Goal of the exercise =>
Only the lines below from the one containing "Kazak carpet has" to the one containing "- В тенджерата" should be repeated, both included and unchanged.

**** Records supplied ****

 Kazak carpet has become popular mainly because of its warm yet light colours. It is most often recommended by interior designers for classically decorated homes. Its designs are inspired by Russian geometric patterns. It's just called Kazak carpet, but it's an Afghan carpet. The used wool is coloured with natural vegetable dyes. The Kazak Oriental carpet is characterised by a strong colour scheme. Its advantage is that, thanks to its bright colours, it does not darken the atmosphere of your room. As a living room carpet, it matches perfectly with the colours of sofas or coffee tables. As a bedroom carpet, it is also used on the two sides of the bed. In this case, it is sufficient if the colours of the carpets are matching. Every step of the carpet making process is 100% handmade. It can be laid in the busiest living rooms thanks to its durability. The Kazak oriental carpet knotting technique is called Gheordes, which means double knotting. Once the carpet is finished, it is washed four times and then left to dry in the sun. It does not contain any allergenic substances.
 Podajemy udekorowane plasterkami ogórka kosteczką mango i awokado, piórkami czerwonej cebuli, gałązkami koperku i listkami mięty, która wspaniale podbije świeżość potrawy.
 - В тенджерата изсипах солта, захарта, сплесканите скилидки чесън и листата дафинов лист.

****
**** Records supplied ****

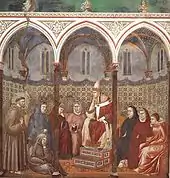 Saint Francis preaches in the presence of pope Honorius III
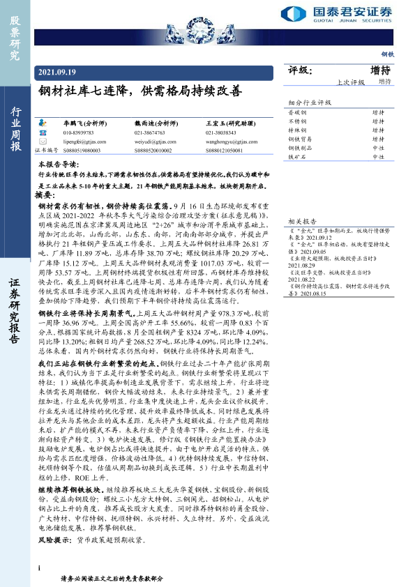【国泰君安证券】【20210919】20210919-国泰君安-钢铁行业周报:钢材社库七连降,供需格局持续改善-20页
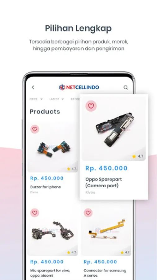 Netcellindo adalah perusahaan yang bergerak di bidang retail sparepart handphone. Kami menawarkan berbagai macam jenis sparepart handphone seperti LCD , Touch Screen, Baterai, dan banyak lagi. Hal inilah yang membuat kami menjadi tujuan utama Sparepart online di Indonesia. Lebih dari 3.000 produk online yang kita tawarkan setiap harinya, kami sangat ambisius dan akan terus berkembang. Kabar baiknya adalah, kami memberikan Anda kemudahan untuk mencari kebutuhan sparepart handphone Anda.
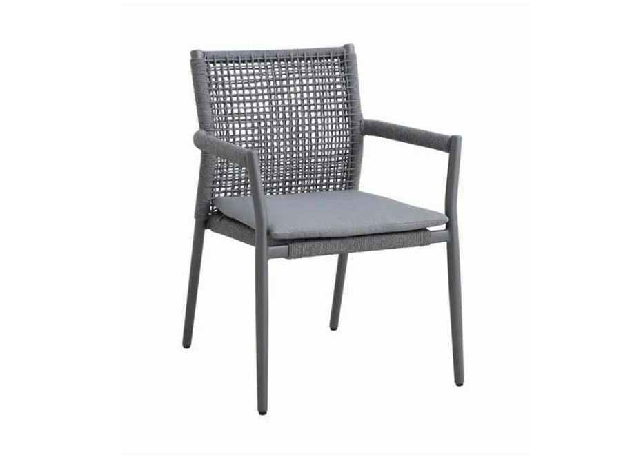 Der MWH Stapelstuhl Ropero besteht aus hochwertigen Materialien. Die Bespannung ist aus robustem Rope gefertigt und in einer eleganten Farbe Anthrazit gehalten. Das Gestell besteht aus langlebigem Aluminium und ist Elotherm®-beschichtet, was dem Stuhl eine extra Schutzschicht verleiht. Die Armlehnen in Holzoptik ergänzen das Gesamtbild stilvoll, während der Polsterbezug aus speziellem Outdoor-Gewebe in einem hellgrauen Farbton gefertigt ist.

****

Task response =>
 Kazak carpet has become popular mainly because of its warm yet light colours. It is most often recommended by interior designers for classically decorated homes. Its designs are inspired by Russian geometric patterns. It's just called Kazak carpet, but it's an Afghan carpet. The used wool is coloured with natural vegetable dyes. The Kazak Oriental carpet is characterised by a strong colour scheme. Its advantage is that, thanks to its bright colours, it does not darken the atmosphere of your room. As a living room carpet, it matches perfectly with the colours of sofas or coffee tables. As a bedroom carpet, it is also used on the two sides of the bed. In this case, it is sufficient if the colours of the carpets are matching. Every step of the carpet making process is 100% handmade. It can be laid in the busiest living rooms thanks to its durability. The Kazak oriental carpet knotting technique is called Gheordes, which means double knotting. Once the carpet is finished, it is washed four times and then left to dry in the sun. It does not contain any allergenic substances.
 Podajemy udekorowane plasterkami ogórka kosteczką mango i awokado, piórkami czerwonej cebuli, gałązkami koperku i listkami mięty, która wspaniale podbije świeżość potrawy.
 - В тенджерата изсипах солта, захарта, сплесканите скилидки чесън и листата дафинов лист.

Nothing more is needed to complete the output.